Grazie alla geolocalizzazione, è possibile risalire, in modo più o meno preciso, all’indirizzo dal quale è partita l’offesa razziale. Alcuni accordi con le concessionarie di pubblicità che gestiscono i cartelloni pubblicitari hanno poi permesso l’affissione, in formato 6 metri per 3, dell’insulto proprio di fronte casa (in certi casi perfino sul muro di casa) del bullo. Per una questione di privacy il nome della vittima e quello dell’autore dell’offesa vengono censurati. Il messaggio però no, quello resta urlato, a caratteri cubitali, sulla testa del leone da tastiera di turno. Una denuncia bella e buona. Tutto nasce dalle recenti offese ricevute da una giornalista di colore brasiliana.
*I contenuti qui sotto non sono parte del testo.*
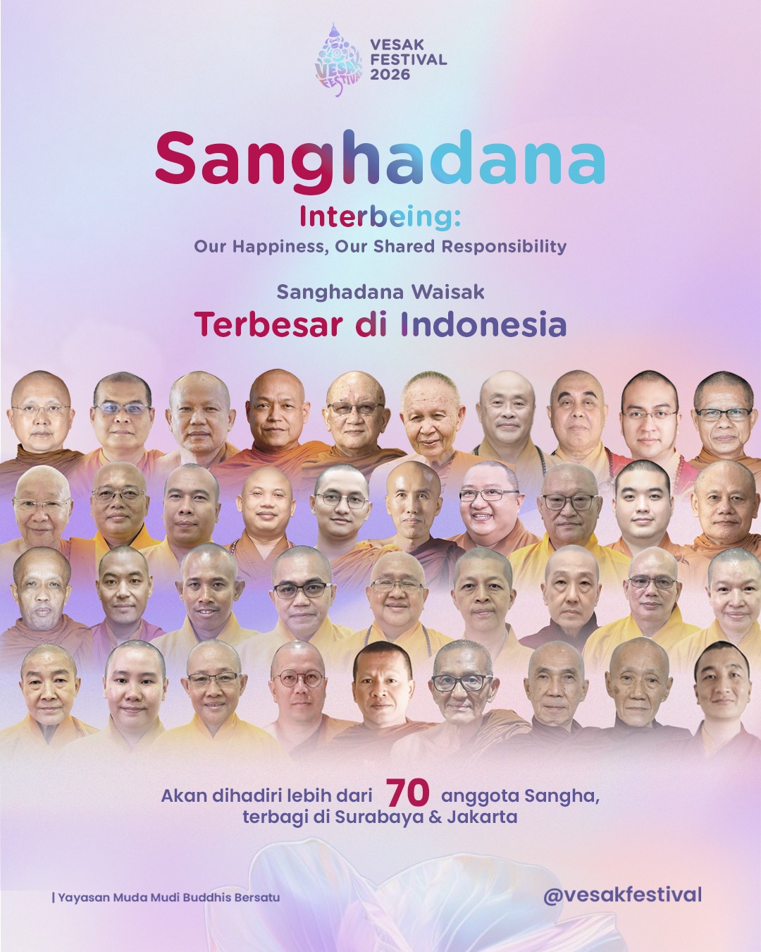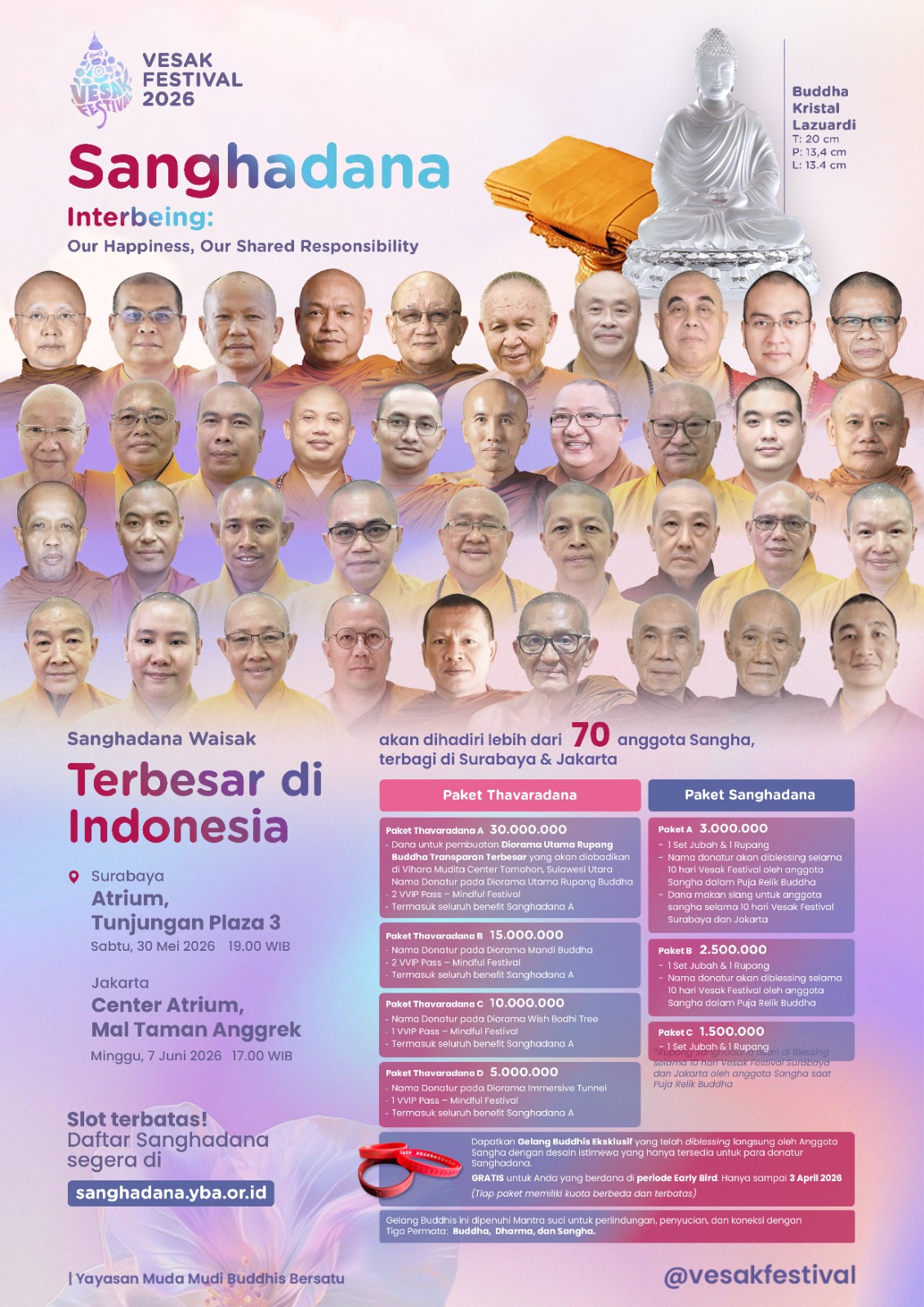 Donatur akan mendapatkan: - 1 set jubah yang akan dipersembahkan bagi anggota Sangha - 1 Rupang Buddha spesial akan di-blessing selama Vesak Festival, dan diserahkan kepada donatur selesai acara Paket Sanghadana ini dipersembahkan untuk anggota Sangha di Indonesia yang hadir di Acara Sanghadana Vesak Festival 2026. Semua laporan Sanghadana akan dipertanggungjawabkan dalam Laporan Pertanggungjawaban (LPJ) pasca acara.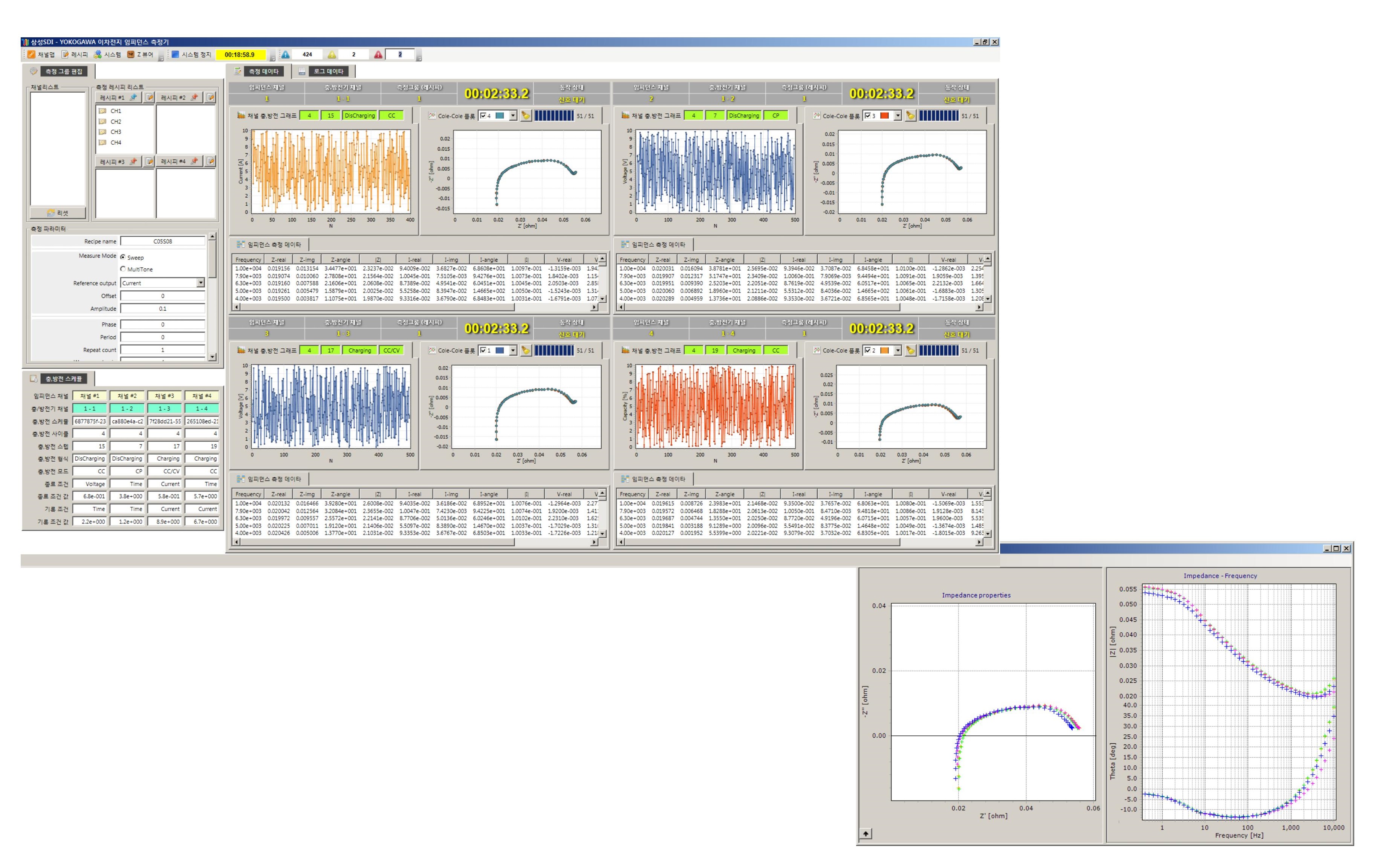 2차 전지의 멀티 Cell 충, 방전 시험의 스케쥴링 및 충, 방전 과정에서 배터리의 임피던스 특성을 분석하기 위한 시스템

Maria Julia Coutinho di Rede Globo è stata infatti presa di mira da alcuni utenti Twitter con centinaia di frasi razziste, appellativi offensivi ed epiteti irripetibili proprio durante la giornata contro le discriminazioni razziali. Una goccia che ha fatto traboccare il vaso e che è servita a mettere in atto la campagna di denuncia e sensibilizzazione. “Chi pubblica interventi di quel tipo su internet crede di potersene stare tranquillo nel conforto delle proprie case e fare ciò che vuole sulla rete – ha raccontato Jurema Werneck, fondatrice di Creola, alla Bbc – non lasceremo che accada. Possono nascondersi ma li troveremo”.